“Sales of Bibles are booming,” the Wall Street Journal observed this week. Despite total U.S. print book sales being up less than 1% this year, Bible sales are having far less trouble finding a market, having soared by 22% in the same period.
It’s an interesting, perhaps telling statistic. “Bible sales” makes for a data set that’s not highly controversial to interpret or attribute. It’s not, for instance, highly political or politicized; it’s not driven by activists, and it’s not just an expression of polling results. The data set is just the result of regular people choosing to buy the Bible.
So what’s behind that choice? While not exactly rabble-rousing, statistically, the “boom” is puzzling in terms of its cause: the climbing demand for Bibles has risen at the same time the country has continued to secularize in terms of formal religious affiliation. And while some are inclined to trace the bump simply to “highly focused marketing efforts” as a result, more publishers see it as a function of a general increase in stress and worry: “People are experiencing anxiety themselves, or they’re worried for their children and grandchildren,” commented one. “It’s related to artificial intelligence, election cycles…and all of that feeds a desire for assurance that we’re going to be OK.” And the Scripture, apparently, is more and more seeming to be a place folks suspect they can find it.

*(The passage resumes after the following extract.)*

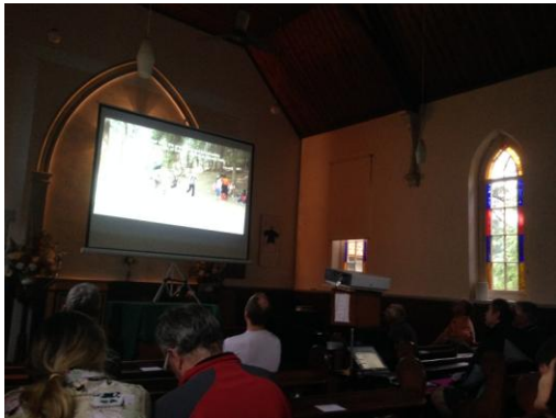
The film festival is a must for anyone with the spirit of adventure and travel

Bright in Victoria hosts the Adventure Film Festival each year in mid February. Next year's festival will be held from 12-14 February. I attended it this year and found the various short films and presentations by adventurers to be inspiring and exciting. I'll be going down to Bright again in 2016 and this year I have been invited to present our film that we shot whilst completing the first crossing of the Simpson Desert in its 50 th anniversary year of the first motor vehicle crossing. If you would like to attend the festival check out their website, you won't be disappointed. http://www.adventuretravelfilmfestival.com/australian-festival/added-attractions/

As much of Christian thought and life drains from our culture, then, this is a good data point to keep in mind. Often, there’s a temptation close to hand to think that the world’s just not interested in the Gospel anymore; as a place for calming or resolving their real life cares and concerns, it sometimes seems as though people have “been there, done that,” in terms of taking refuge in the promises of the Bible, finding it somehow wanting. But in fact that doesn’t seem to be the case. It doesn’t seem as though people have tired of the Gospel; it seems as though they haven’t really heard it yet, in the fullness of its scope and vitality. For when they are experiencing the stories of the Scripture truly – whether in the words on the page of their crisp new editions, or through media like The Chosen or The Bible in a Year podcast, the popularity of both also being useful signs of the times – they’re tending to be captivated.
As one pastor noted, the Bible is the “grand epic story of the great questions of life. What do we do with grief or anger, what are we here for, where is the world going?” The wide world doesn’t provide a lot of help in answering these fundamental, life-defining questions. The Bible does. It offers a real and genuine alternative to the consumeristic, self-focused, self-sufficient lifestyle our culture tends to encourage, one rooted in principles and a narrative that gives meaning to all that we are and do. And so as the pangs and griefs of popular culture are becoming more and more felt, this Scriptural alternative seems to be growing increasingly attractive. In the face of all the other news that we tend to come across about the demise of Christianity, then, that’s a bright spot worth noticing, and worth taking to heart, as those entrusted with the refreshment and renewal of the communities of which we’re part – as those entrusted with communicating the “grand epic story” that indeed is the Gospel of Jesus Christ.